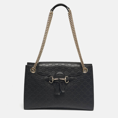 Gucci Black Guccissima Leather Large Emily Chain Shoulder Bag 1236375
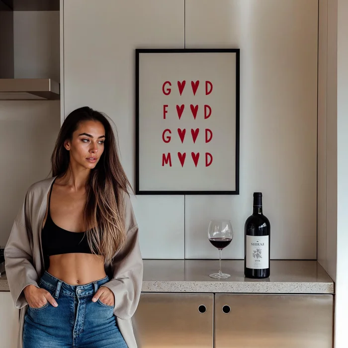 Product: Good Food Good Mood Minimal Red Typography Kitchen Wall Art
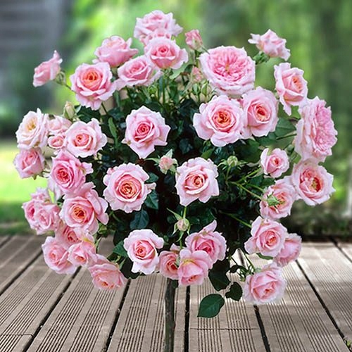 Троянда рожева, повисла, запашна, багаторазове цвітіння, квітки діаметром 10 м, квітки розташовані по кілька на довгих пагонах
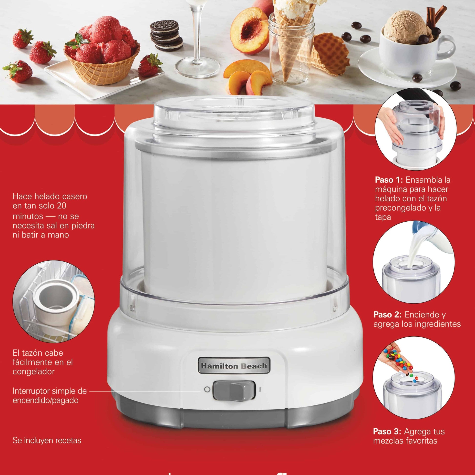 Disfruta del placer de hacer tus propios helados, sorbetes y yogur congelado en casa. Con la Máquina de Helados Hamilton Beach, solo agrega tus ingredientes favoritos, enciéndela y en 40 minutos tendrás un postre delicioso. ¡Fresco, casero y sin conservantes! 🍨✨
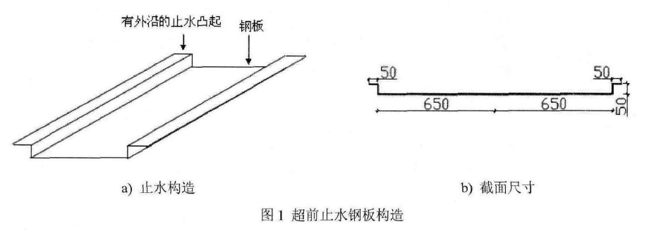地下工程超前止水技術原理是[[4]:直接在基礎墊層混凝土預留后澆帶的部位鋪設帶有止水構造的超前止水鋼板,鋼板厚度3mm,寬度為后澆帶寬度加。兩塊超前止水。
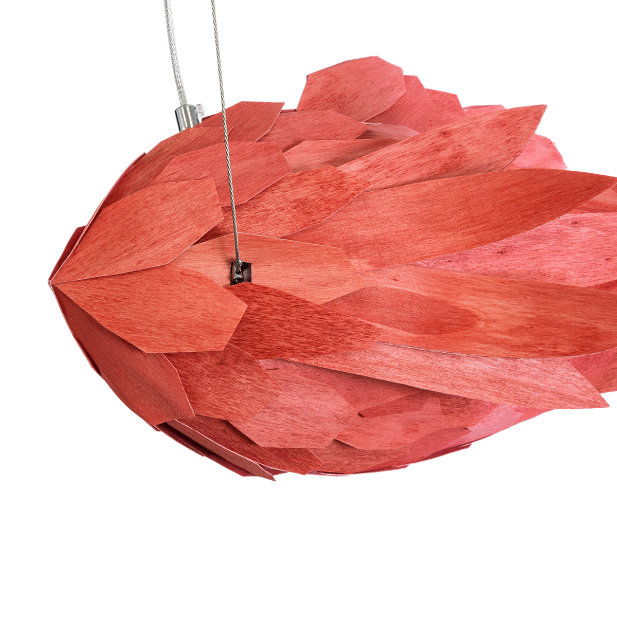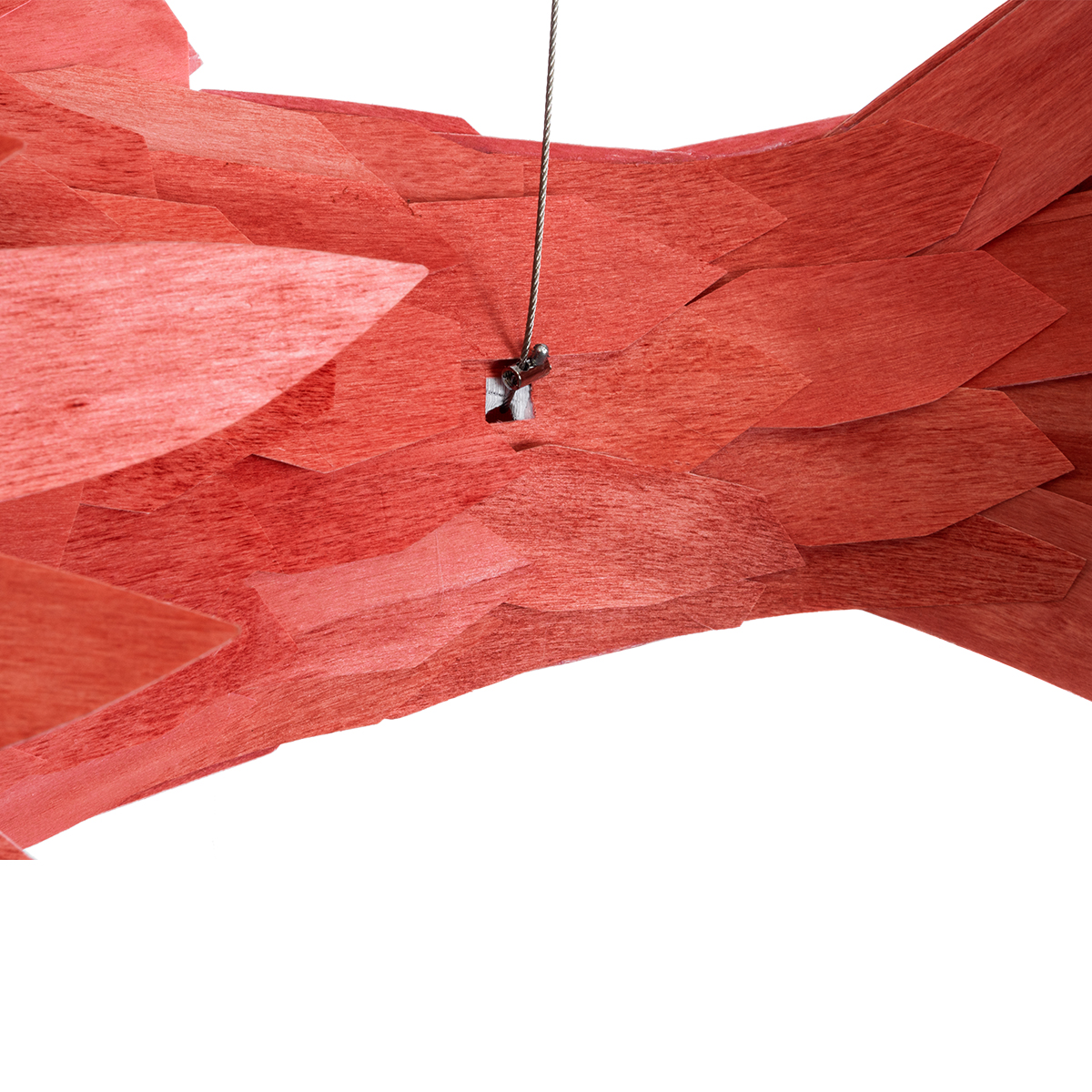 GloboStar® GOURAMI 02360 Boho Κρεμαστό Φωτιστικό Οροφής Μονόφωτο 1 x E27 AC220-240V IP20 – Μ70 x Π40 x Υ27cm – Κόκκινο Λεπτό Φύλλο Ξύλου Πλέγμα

--

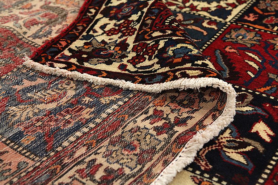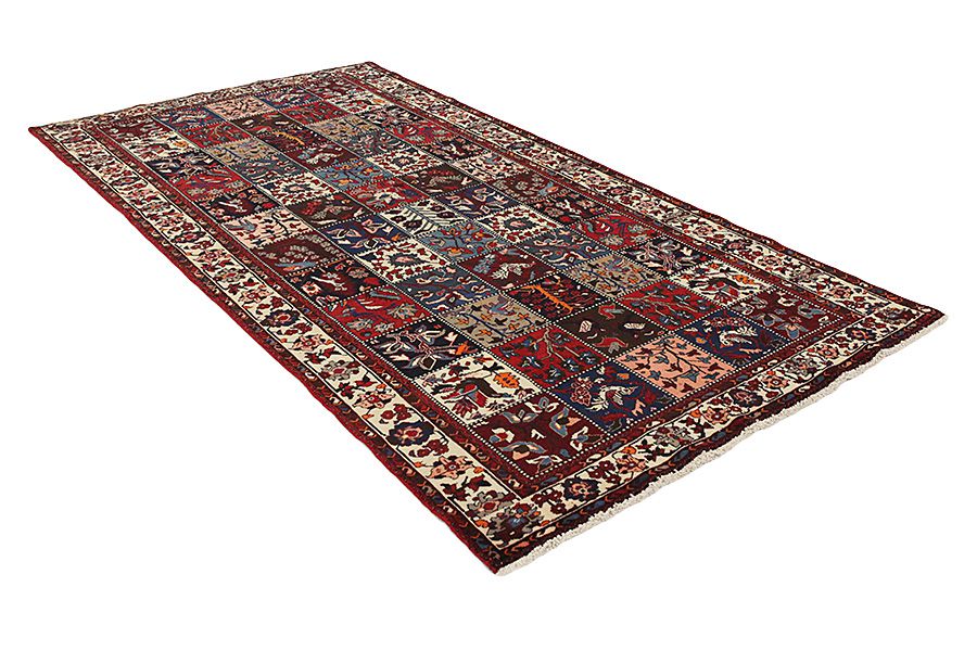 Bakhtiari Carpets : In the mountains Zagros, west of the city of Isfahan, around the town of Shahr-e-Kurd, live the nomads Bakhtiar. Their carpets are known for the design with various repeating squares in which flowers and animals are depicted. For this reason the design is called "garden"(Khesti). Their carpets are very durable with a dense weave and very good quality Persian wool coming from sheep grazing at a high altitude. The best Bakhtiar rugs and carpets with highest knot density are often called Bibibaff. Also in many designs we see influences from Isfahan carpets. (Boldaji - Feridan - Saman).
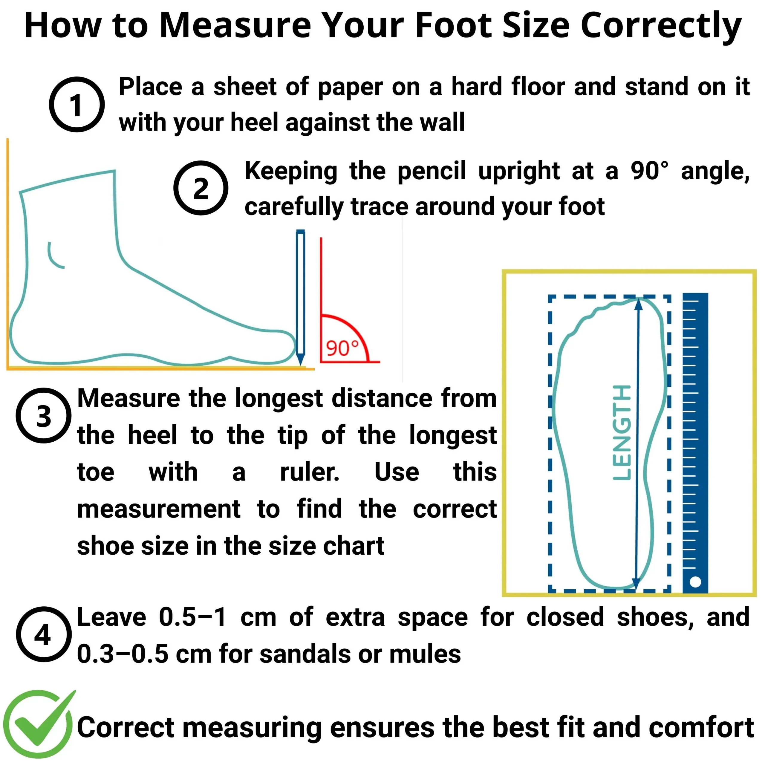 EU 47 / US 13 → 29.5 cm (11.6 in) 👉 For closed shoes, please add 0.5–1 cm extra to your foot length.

==

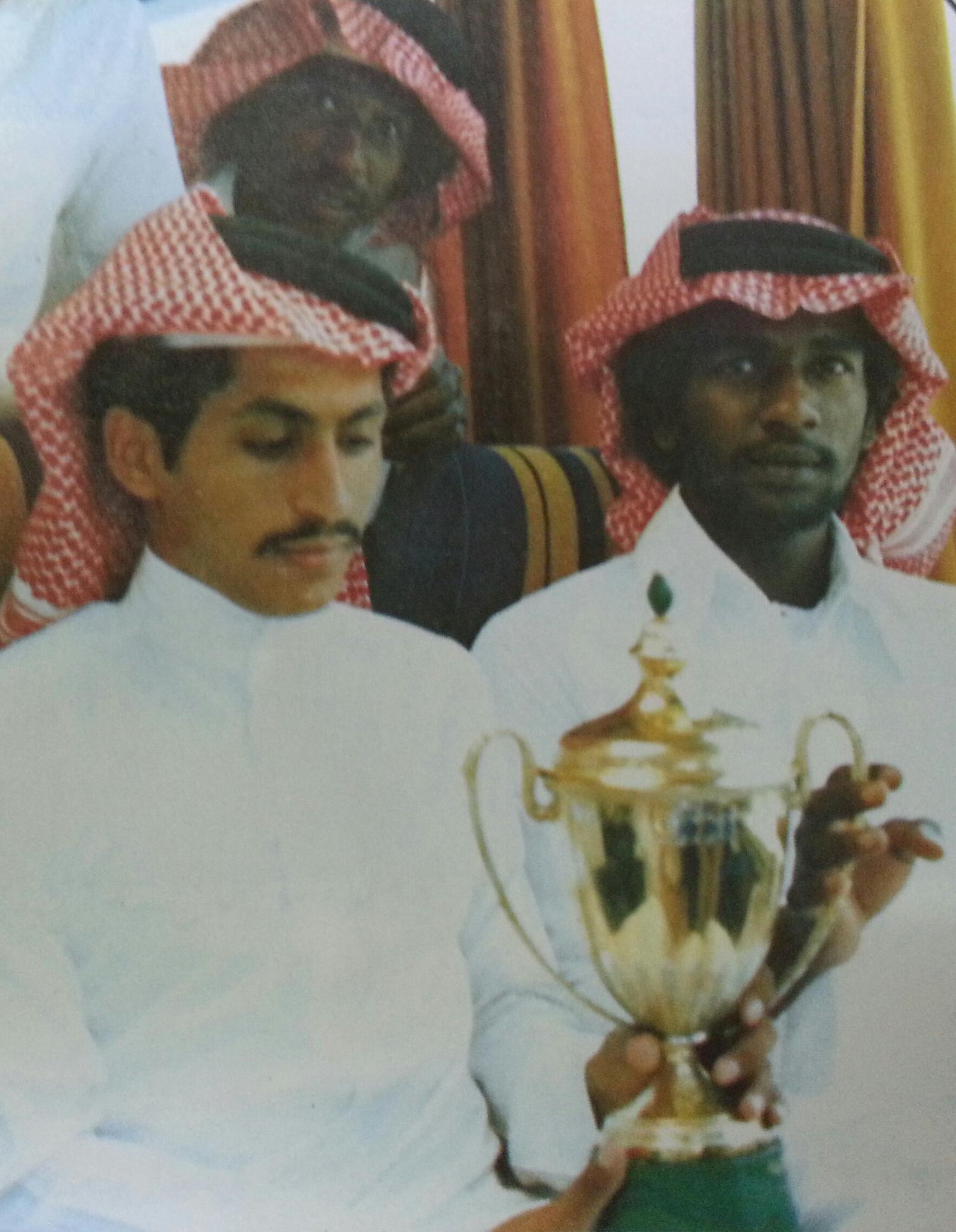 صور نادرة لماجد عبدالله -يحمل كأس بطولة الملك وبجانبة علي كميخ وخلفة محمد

What is required ▸ For the data above, set down exactly the lines from the line with "地下工程超前止水技術原理是[[4]:直接" to the line with "GloboStar® GOURAMI 02360", both included, leaving pictures out.

Answer section ▸
地下工程超前止水技術原理是[[4]:直接在基礎墊層混凝土預留后澆帶的部位鋪設帶有止水構造的超前止水鋼板,鋼板厚度3mm,寬度為后澆帶寬度加。兩塊超前止水。
 GloboStar® GOURAMI 02360 Boho Κρεμαστό Φωτιστικό Οροφής Μονόφωτο 1 x E27 AC220-240V IP20 – Μ70 x Π40 x Υ27cm – Κόκκινο Λεπτό Φύλλο Ξύλου Πλέγμα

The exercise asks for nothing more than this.